"You might ask how did I know if I was doing the right thing or not? How do I know if I am moving forward? Well, I don’t know. Which is where my community steps in. I look to those ahead of me for guidance. In this matter I’m relying on mentors, my own past life lessons, and my targets of where I want to be at different points in time to guide me. Whether or not I do something, change is here and future change will come still. So choices will have to be made."
When I moved to Sweden in 2019 to start my master’s program in Environmental Management and Policy at Lund University, I knew that it was the start of an adventure. With many things to learn, people to meet and places to visit - Sweden was the next exciting stage of my life. Leaving the professional world to return to academia was not easy, but I knew with certainty that Sweden was my step forward.
I graduated from my program June 2021, at which point I was faced with a decision. After having successfully completed my degree, finalized my thesis, and completed my student employment with the university… I needed to decide what would come next.
It is difficult to articulate what one wants from life. It is not easy to lay out concrete and explicit targets to aim for. When it comes to my professional life, I had always known the kind of work I wanted to do - I want to work for a company or government agency that makes sustainability a real, actualized force in their practice. But, what was hard, and what remains hard… is understanding how to get to that point. I have my big picture vision in mind, but how do I get there? How do I know if I am on the right path? How do I know if I need to course-correct? What will success look like for me?
After having worked very hard for the 2 years of my program, I spent this past summer of 2021 restoring and resting. I felt the sun, swam with friends, ate delicious food, and just stood still for the first time in a long time. I knew that the next steps on my path would require energy, resilience and vitality. And in order to resume my professional journey, rest was not only important - it was mandatory.
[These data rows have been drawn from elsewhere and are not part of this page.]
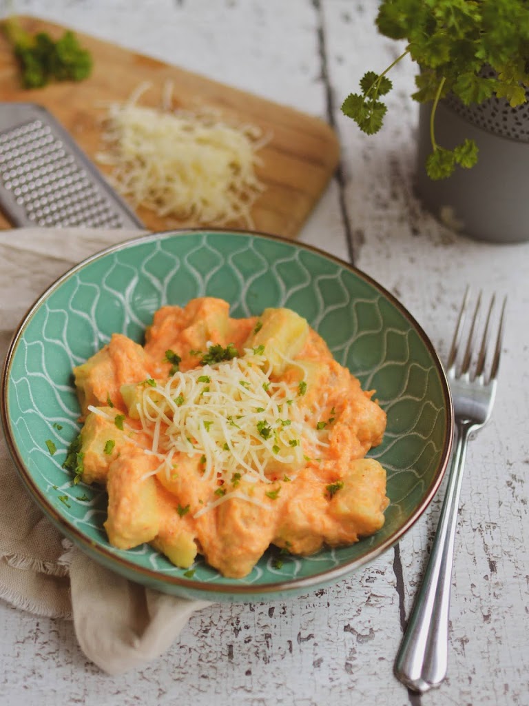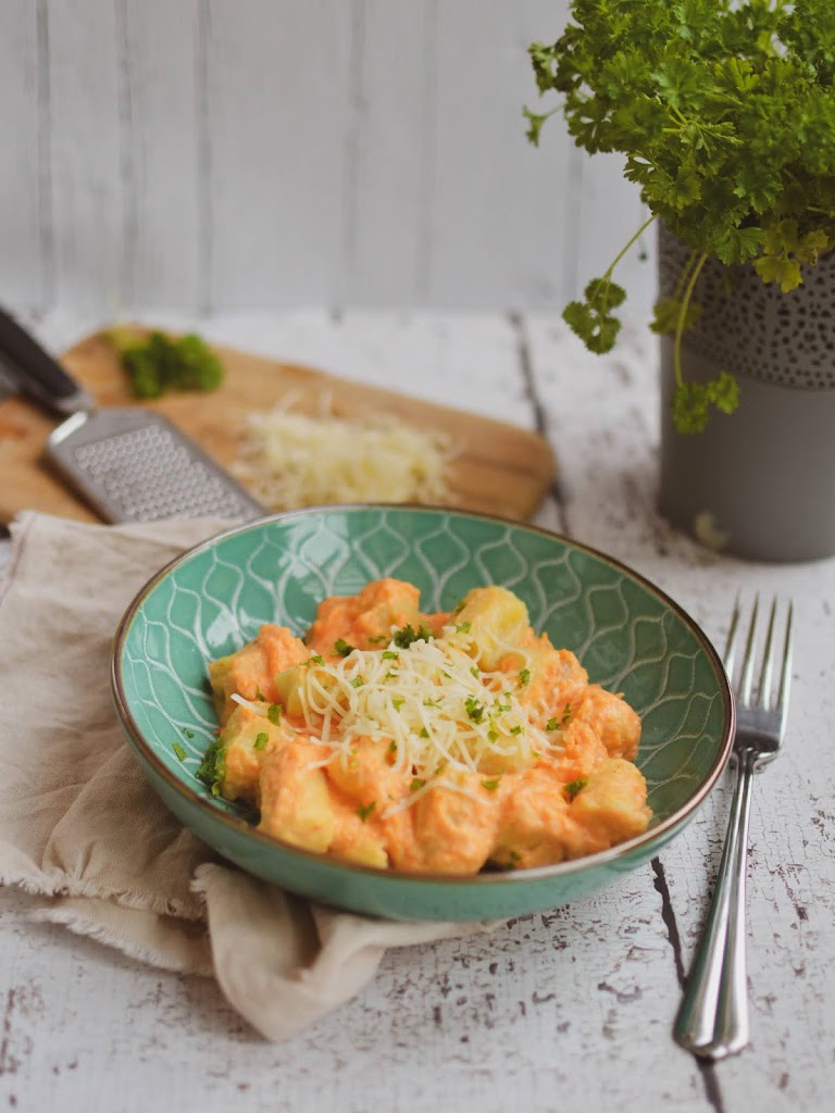Lobogó, enyhén sós, forró vízben kifőzöm őket. Megvárom, amíg feljönnek a víz tetejére, és innentől számított 1 percig főzöm őket. Közben elkészítem a mártást, amihez a sütőtököt botmixerrel simává pürésítem, serpenyőbe öntöm, hozzáadom a tejszínt, fűszerezem sóval és cayenne borssal, majd egyet forralok rajta. A leszűrt gnocchikat átszedem a mártásba, összeforgatom vele, reszelt sajttal és petrezselyemmel tálalom.
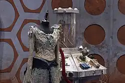 Idris' costume, and the makeshift TARDIS set, on display at the Doctor Who Experience.
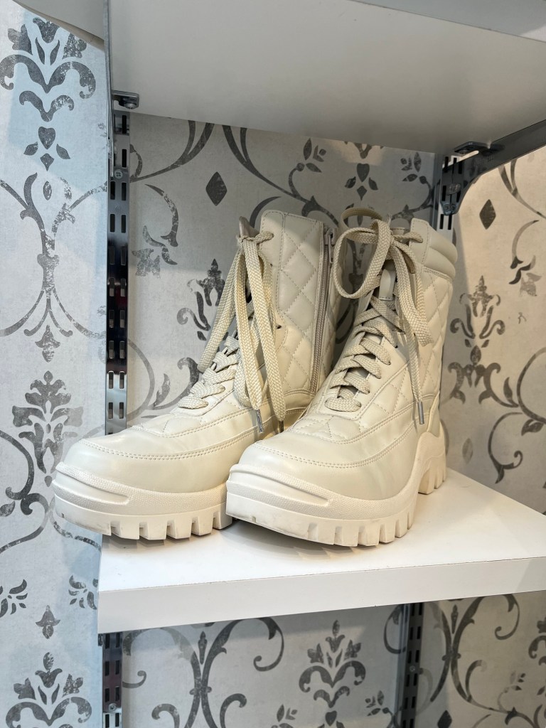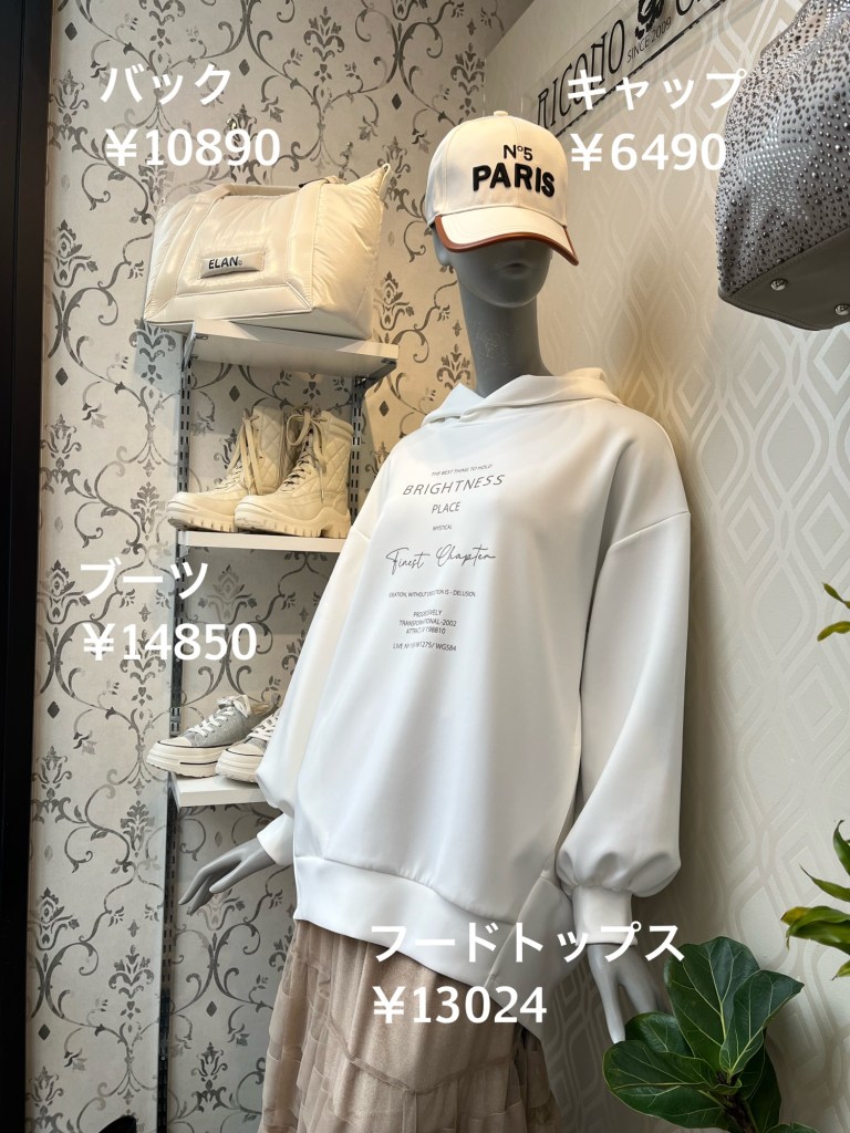 合わせてキャップやバック、白のキルティングブーツなら、今日みたいな雪や雨の日も快適ですよぉ〜
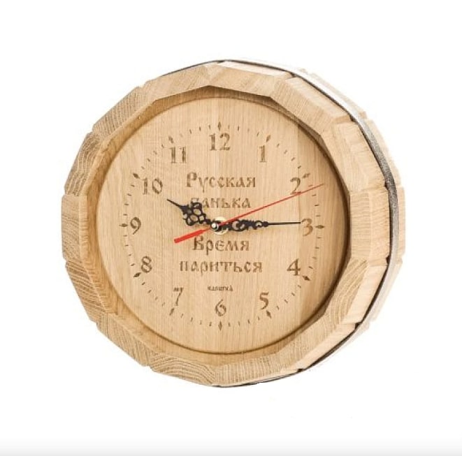 Часы настенные бондарные выполнены из дуба с пословицей "Русская банька время париться"Часы изготовлены из дерева дуба, которое отлично справляется с перепадами температур и повышенной влажностью, свойственным для бани. Часовой механизм также надежно защищен от повреждений деревянным корпусом. Вы можете не сомневаться, что такие часы прослужат вам долгое время.
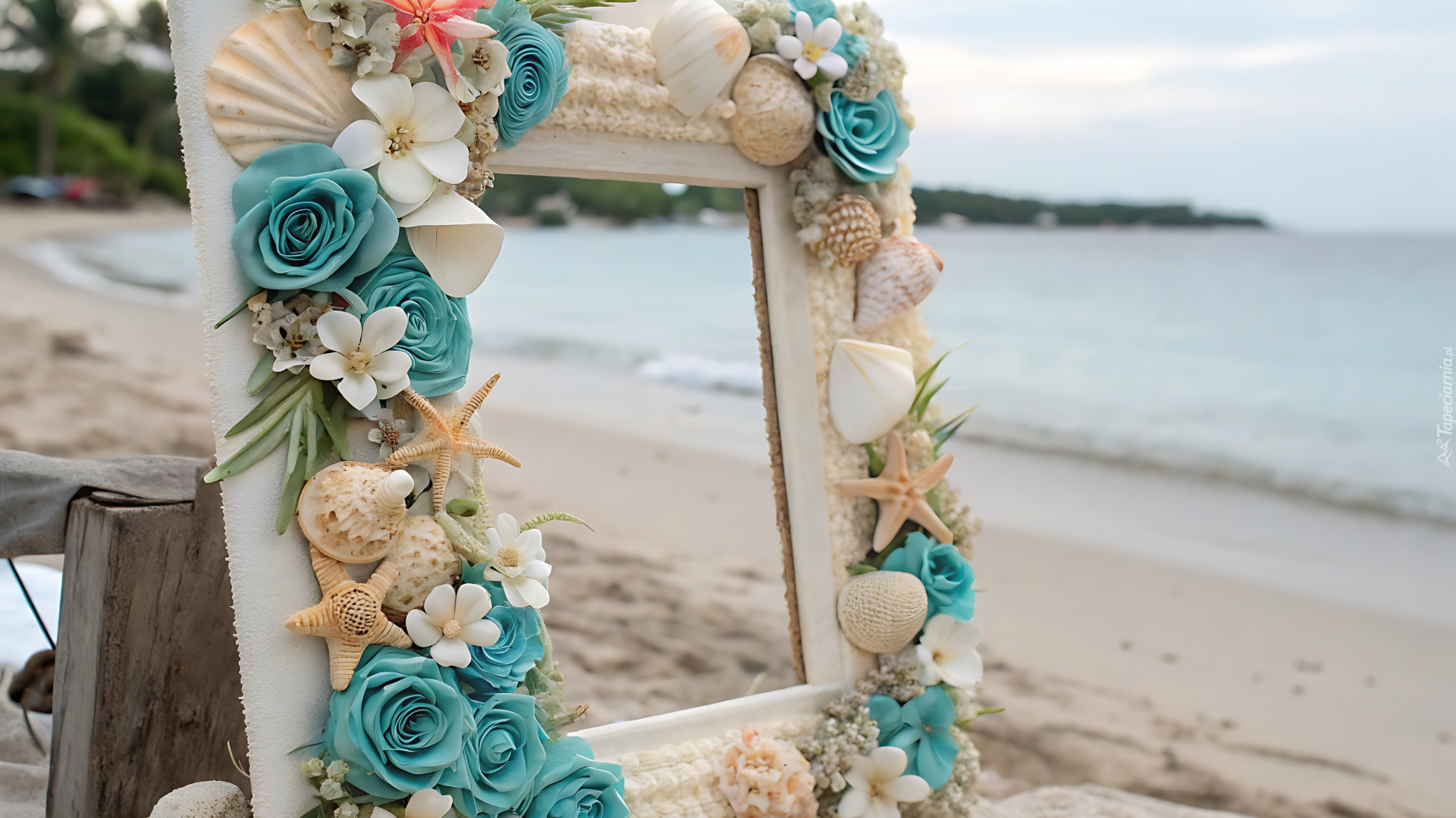 Edytor tapety: Ramka udekorowana muszelkami i różami na morskiej plaży
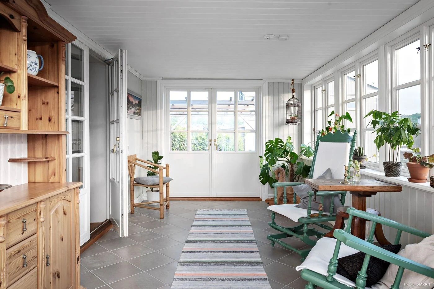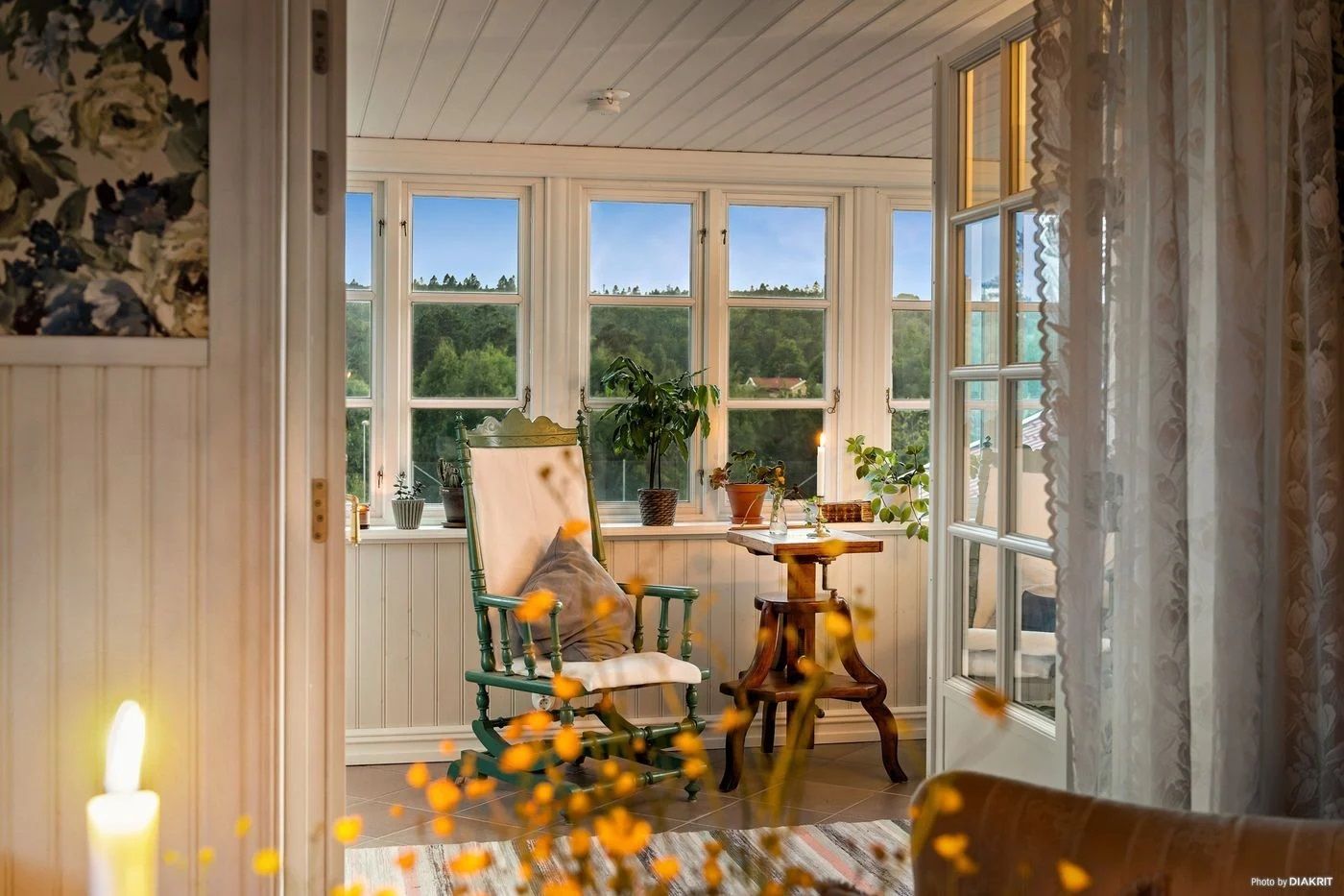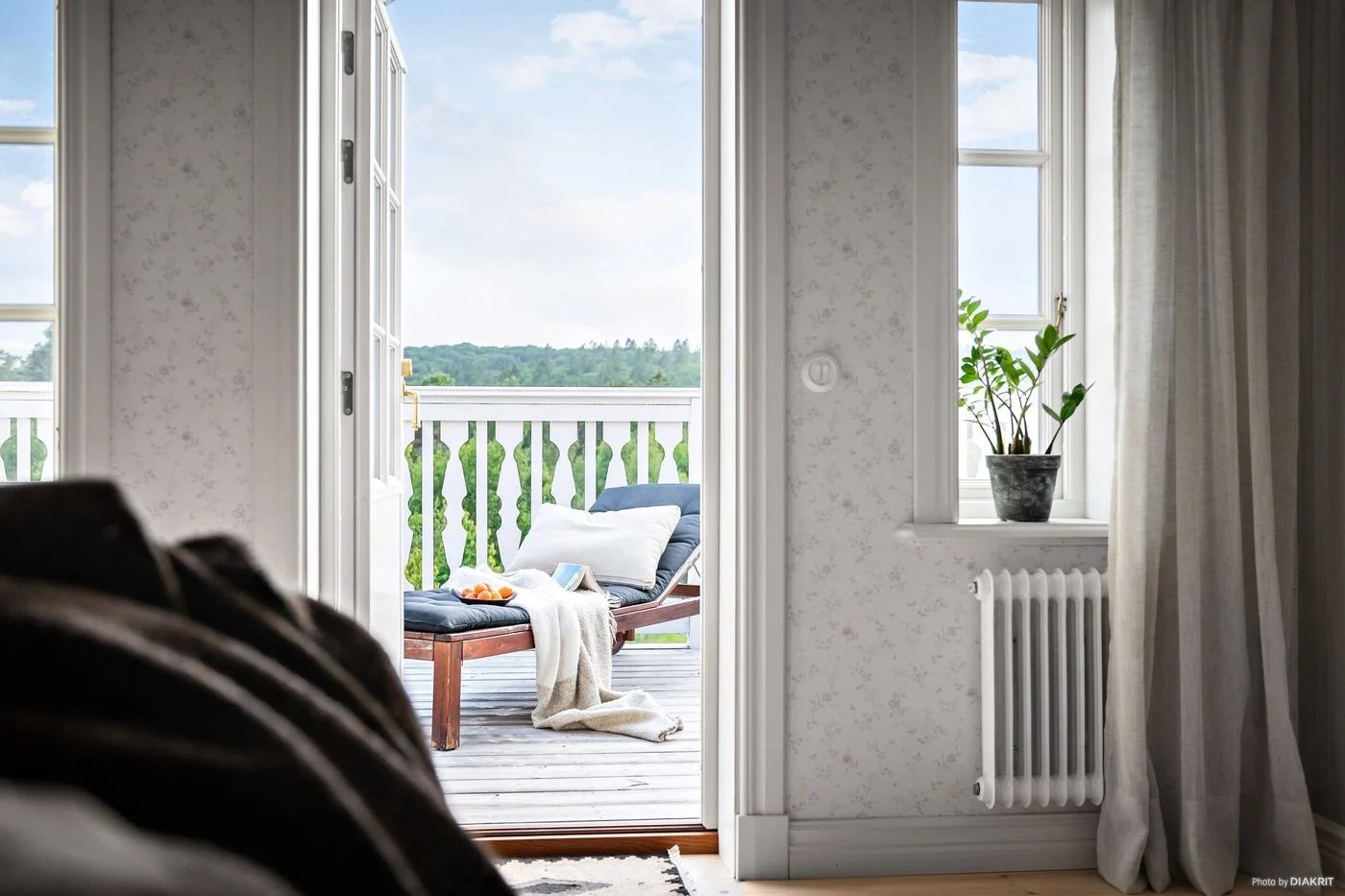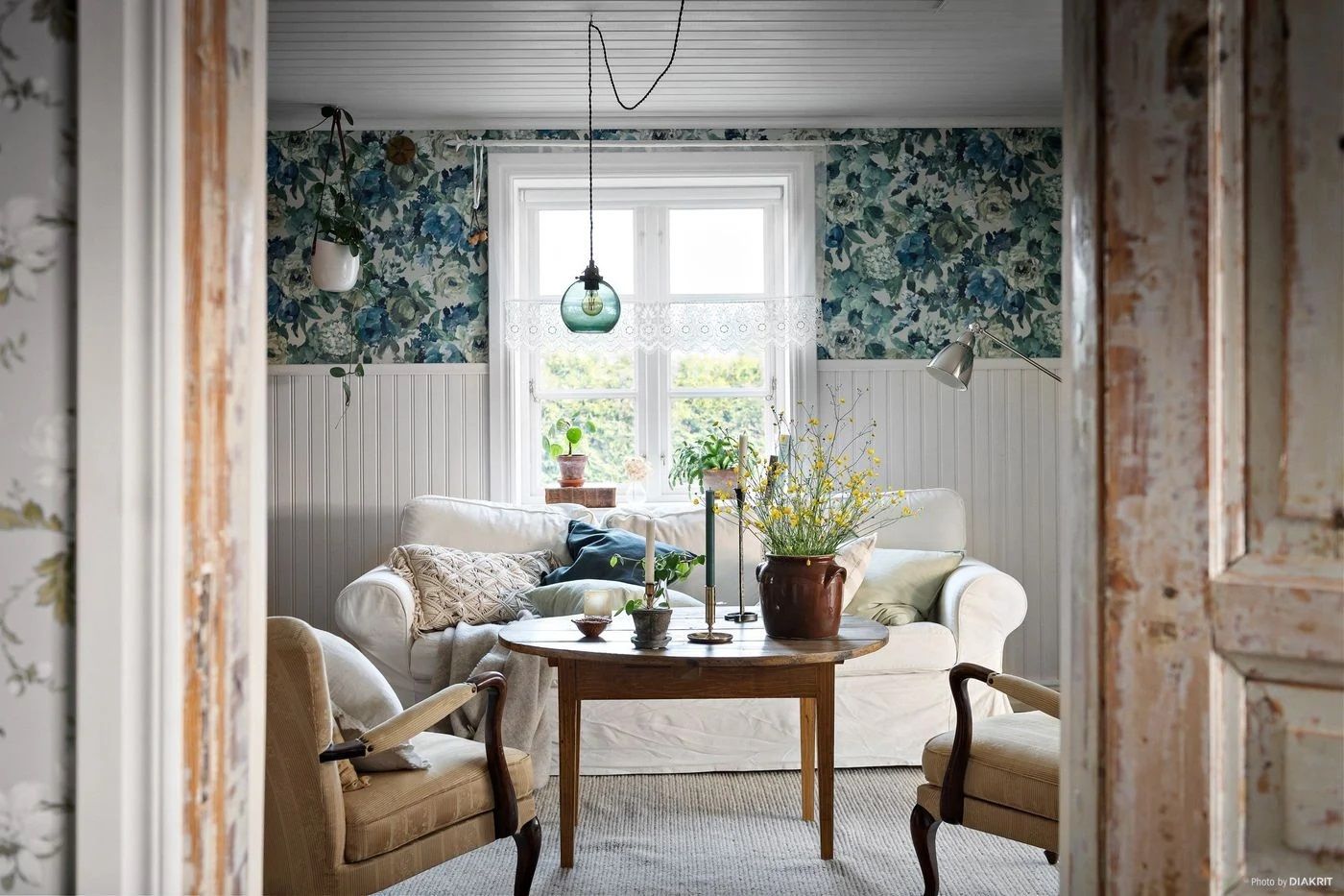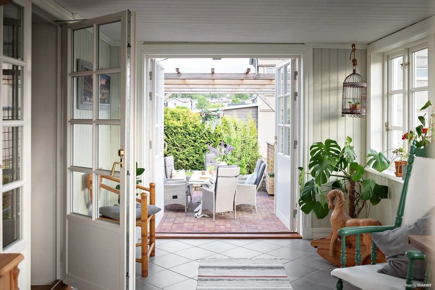 Ruokasalista johtaa iso aukko olohuoneeseen, jossa molemmille puolille avautuvat ovet johtavat pienelle, viihtyisälle verannalle. Verannalla kiinnittävät huomiota kauniit vihreäksi maalatut antiikkiset lepotuolit, jotka erottuvat kauniisti valkoista taustaa vasten. Veranta johtaa myös pienelle parvekealueelle, jossa voit nauttia aamukahvisi tai viettää aikaa ystävien kanssa. Olohuoneessa on sama kaunis kukkainen tapetti ja valkoiset seinäpaneelit kuin ruokasalissa, mikä auttaa yhdistämään kauniisti kaksi erilaista tilaa. Tästä olohuoneesta tulee myös kodin ensimmäinen makuuhuone, jossa kaunis tapettivalikoima seinillä lisää katseenvangitsijaa.
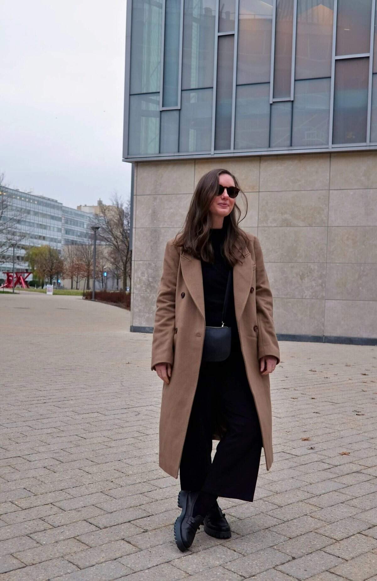 Classic Camel Coat Over All-Black

At the tail end of my summer off, I emerged with a new understanding of what I wanted for myself. I realized that it's important for me to do work I care about, work that can sustain me, and work that can challenge me to grow. It is through consulting mentors, joining the professional development program run by International Citizen Hub Lund, “Kick-Start Program Fall 2021”, and observing my own past successes that I realized how this future vision would come to be achieved - I needed to take it one step at a time.
This is so simple, yet hard to observe; widespread, yet difficult to notice. Everything won’t happen at once, you won’t achieve your peak vision of yourself the first time you try. In fact, it won’t be many years until it finally happens. I had to let go of the idea that I’d find the perfect job tailor made to my skillset and ambition right out of the gate. I needed to see my path forward as one inlaid with stepping stones. I needed to overcome one challenge at a time - this stepping stone to gain relevant experience, this other stepping stone to complete my master’s program, that stepping stone to understand the Swedish job market, this stepping stone to gain novel skills, and so on. As long as I was moving forward, that was success. You might ask how did I know if I was doing the right thing or not? How do I know if I am moving forward? Well, I don’t know. Which is where my community steps in. I look to those ahead of me for guidance. In this matter I’m relying on mentors, my own past life lessons, and my targets of where I want to be at different points in time to guide me. Whether or not I do something, change is here and future change will come still. So choices will have to be made.
So here I am now, several stepping stones ahead than I was at the end of my summer. I recognize myself for what I have achieved in these past months, and I nurture myself to reach the stones ahead of me. So my advice to you would be to envision your path as stepping stones. Recognize the stones you have already reached. Celebrate them. And give yourself patience, grace, and courage for the stones you want to reach in future.